Finance Minister Roy McTaggart may be correct in saying Cayman’s unfunded pension liabilities are “not a reason for immediate concern”.
That does not necessarily mean there is – again using his words – “no cause for alarm”.
In our view, government’s failure to spend the recommended $18.4 million annually that it will take to address the shortfall over the next 20 years is a cause for grave concern, if not outright alarm.
And it begs the question: Why?
Government has the figures at its disposal: To address the $197.2 public pension shortfall, it must spend more than $18.4 million annually over the next two decades. If the government does not, it will be faced with even steeper obligations. Worst-case scenario, it will be unable to honour its commitment to pensioners who retired under the previous defined-benefit plan.
To argue that because government is currently able to make monthly pension payments there is no cause to worry is to miss the bigger picture. Skimping on payments now only leads to bigger payments in the future. (In 2016, consultants advised government to spend about $16 million annually over 20 years to eliminate the unfunded liability. In 2020, another valuation will again revise the estimates.) But as the Compass reported this week, government spent only $10 million last year to fund past service liabilities – a little over half of what is required.
This year’s budget included $11.1 million for the payments, boosted by $4 million in supplemental spending approved by legislators last month.

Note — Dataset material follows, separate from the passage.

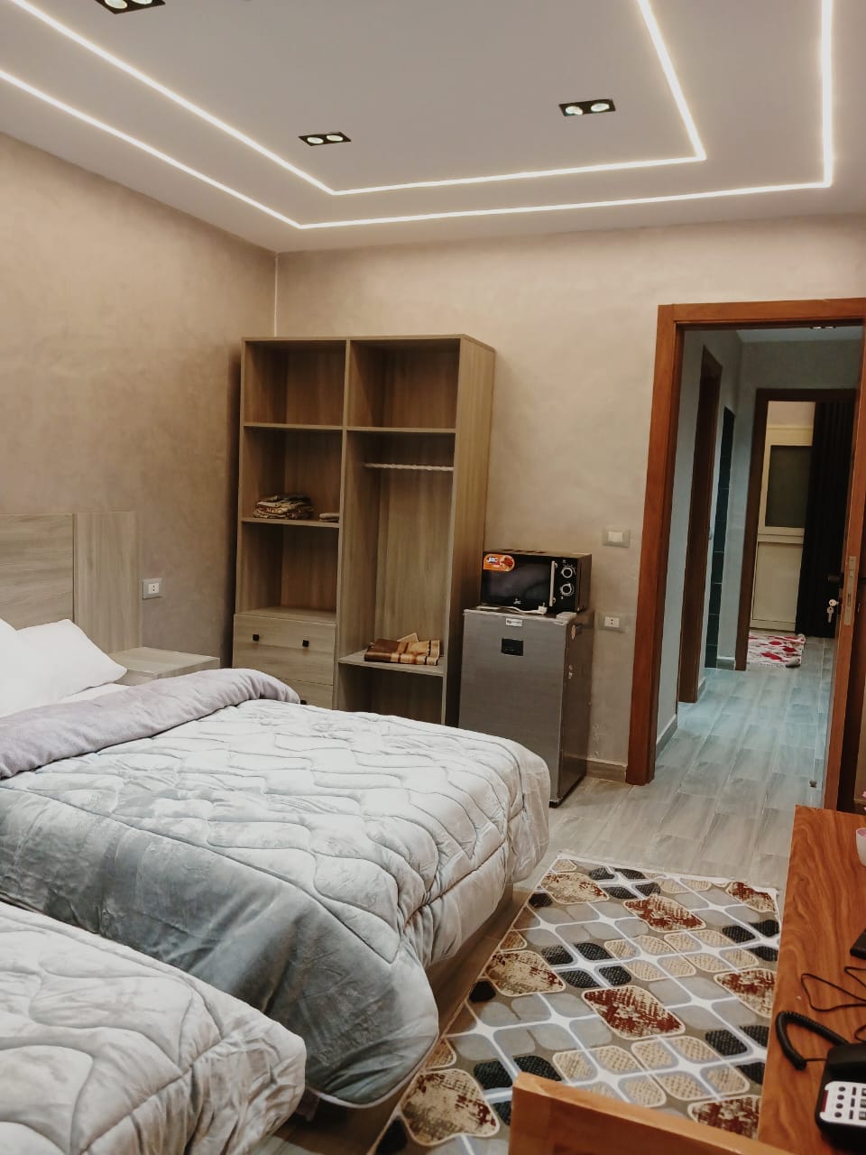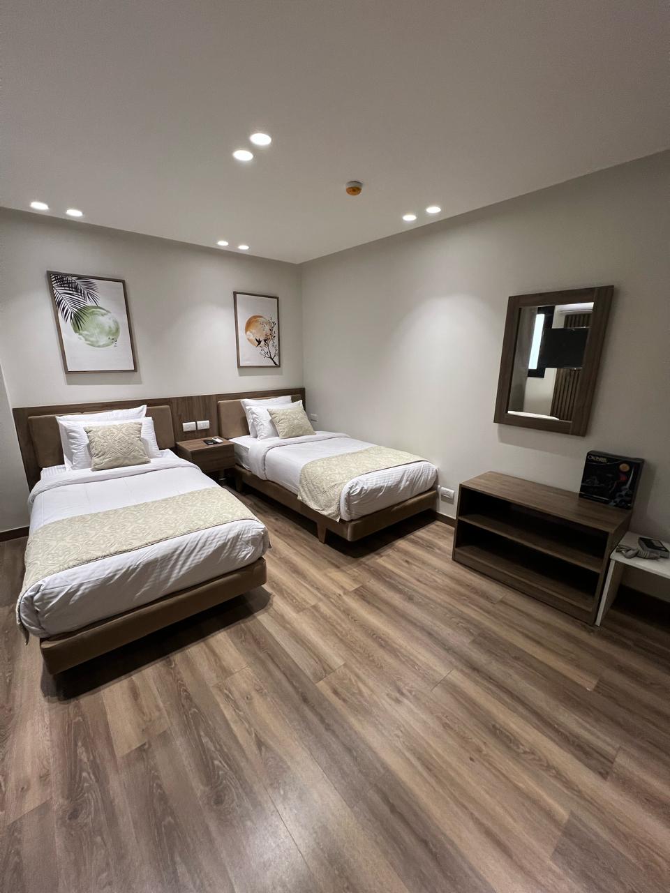 غرفة 7 غرفة فندقية ذات تشطيب عصري راقى ، الغرفة مجهزة بالكامل بكافة الخدمات ، مكون من .. سرير كبير و ادوات كهربائية و حمام و مطبخ و حراسة للفندق 24 ساعة و يوجد واي فاي و استراحة خارج الفندق لتناول الطعام و المشروبات

Financial Secretary Kenneth Jefferson told the Compass that lawmakers could allocate even more money before year’s end if they record a greater-than-expected surplus, bringing it closer to the $18.4 million target. We do not see the logic of taking such a piecemeal approach.
Why not budget for the full payment at the outset, and do away with all this uncertainty?
Even more concerning, if not alarming, is the fact that this particular IOU is not government’s only unfunded liability. In fact, it almost pales in comparison to astronomical anticipated healthcare liabilities for current and retired civil servants – estimated at $1.7 billion over 20 years (in current dollars) in 2017.
Last spring, Financial Secretary Jefferson warned the Public Accounts Committee that, left unchecked, the healthcare obligation could reach hundreds of millions of dollars per year, overwhelming the government’s budget.
Still, our leaders have been unable to make even the most modest changes to prevent careening off this projected fiscal cliff.
If anything, we would take comfort in seeing our elected officials express a bit of alarm when discussing these issues, if only to signal that they understand the gravity of the situation.
Better yet, we wish they would act to address these looming obligations instead of kicking the can down the road.